NASA’s Aqua Satellite Shows a Post-tropical System
NASA’s Aqua satellite uses infrared light to analyze the strength of storms by providing temperature information about the system’s clouds. The strongest thunderstorms that reach high into the atmosphere have the coldest cloud top temperatures.
On July 30 at 0105 UTC (July 29 at 9:05 p.m. EDT), the Moderate Resolution Imaging Spectroradiometer or MODIS instrument that flies aboard NASA’s Aqua satellite gathered infrared data on Douglas that confirmed wind shear had reduced the storm to a post-tropical low pressure area. The wind shear pushed the coldest cloud tops northeast of the center. Those storms had cloud top temperatures as cold as minus 50 degrees Fahrenheit (minus 45.5 Celsius).
What is a Post-tropical Cyclone?
NOAA’s National Hurricane Center defines a post-tropical cyclone as a former tropical cyclone. This generic term describes a cyclone that no longer possesses sufficient tropical characteristics to be considered a tropical cyclone. Post-tropical cyclones can continue carrying heavy rains and high winds. Note that former tropical cyclones that have become fully extratropical… as well as remnant lows…are two classes of post-tropical cyclones.
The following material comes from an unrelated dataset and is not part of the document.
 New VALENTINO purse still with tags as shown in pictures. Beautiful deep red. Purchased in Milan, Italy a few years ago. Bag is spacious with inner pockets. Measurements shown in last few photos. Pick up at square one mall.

Douglas Ready to Cross a Line
NOAA’s Central Pacific Hurricane Center (CPHC) issued the final advisory on Douglas on July 29 at 11 a.m. EDT (5 a.m. HST/1500 UTC). Douglas had degenerated into a post-tropical low-pressure area about 1,135 miles (1,830 km) west-northwest of Honolulu, Hawaii. It was centered near latitude 24.7 degrees north and longitude 175.4 degrees west. The post-tropical cyclone is moving toward the west near 23 mph (37 kph). Maximum sustained winds are near 35 mph (55 kph) with higher gusts.
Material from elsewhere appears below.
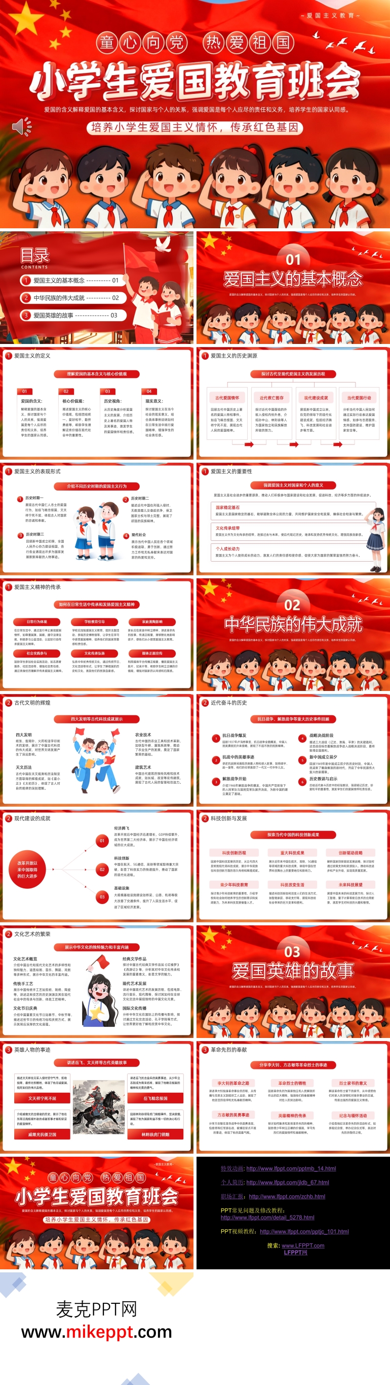 爱国主义教育是筑牢青少年精神根基的奠基工程,这套专为小学生定制的爱国教育班会PPT课件,以18张精心设计的幻灯片为载体,将宏大主题巧妙转化为儿童易懂、易感的生动课堂,系统构建起从认知启蒙到情感共鸣,再到责任担当的完整育人链条。 课程第一部分"爱国主义的基本概念"作为价值引领的起点,运用贴近生活的比喻与互动问答,引导学生理解爱国不仅是抽象的概念,更是根植于心的价值认同。通过穿越时空的叙事脉络,从屈原"长太息以掩涕兮"的 ancient 情怀,到近现代仁人志士的救国探索,让孩子们在历史长河中触摸爱国主义的发展轨迹。同时列举虎门销烟、长征精神等具体事例,将爱国行为具象化为可感知的榜样力量,最终落脚于爱国主义对国家凝聚力与个人成长方向的双重意义,在幼小心灵播撒下"有国才有家"的信念种子。 第二部分"中华民族的伟大成就"聚焦民族自豪感的培育。课件以四大发明、长城运河等古代辉煌为切入点,展现中华文明的智慧高度;继而通过抗战胜利、新中国成立等关键历史节点的情景再现,让学生理解民族独立与解放的来之不易;最后浓墨重彩地呈现改革开放以来的经济腾飞、航天突破、高铁网络等现代化成果,特别是5G技术、载人深潜等当代科技创新,形成"古有灿烂文明,今有复兴伟业"的强烈对比,激发"我为中国骄傲"的真挚情感。 第三部分"爱国英雄的故事"则通过人物故事实现情感升华。从岳飞"精忠报国"的壮怀激烈、文天祥"留取丹心照汗青"的慷慨悲歌,到李大钊面对绞刑架时的坚定从容、方志敏在狱中写下《可爱的中国》的赤诚情怀,一个个鲜活形象构筑起爱国精神的英雄谱系。课件特别设计"假如我是小英雄"的沉浸式环节,引导学生思考和平年代如何用好好学习、爱护环境、尊敬师长等实际行动践行爱国责任,将榜样力量转化为自我成长的内生动力。 整堂班会课注重儿童认知规律,将知识讲授、情感体验与行为引导有机融合,让爱国主义不再是空洞口号,而是成为小学生看得见、摸得着、做得到的精神坐标与行动指南。

Douglas’ remnants were expected to cross the International Date Line early on July 30, and it is expected to dissipate shortly after the crossing.
Established in 1884, the International Date Line passes through the mid-Pacific Ocean and generally follows a 180 degrees longitude north-south line on the Earth. East of the Date Line lies the central Pacific Ocean. West of the dateline is the western Pacific Ocean.
NASA Researches Tropical Cyclones
Hurricanes/tropical cyclones are the most powerful weather events on Earth. NASA’s expertise in space and scientific exploration contributes to essential services provided to the American people by other federal agencies, such as hurricane weather forecasting.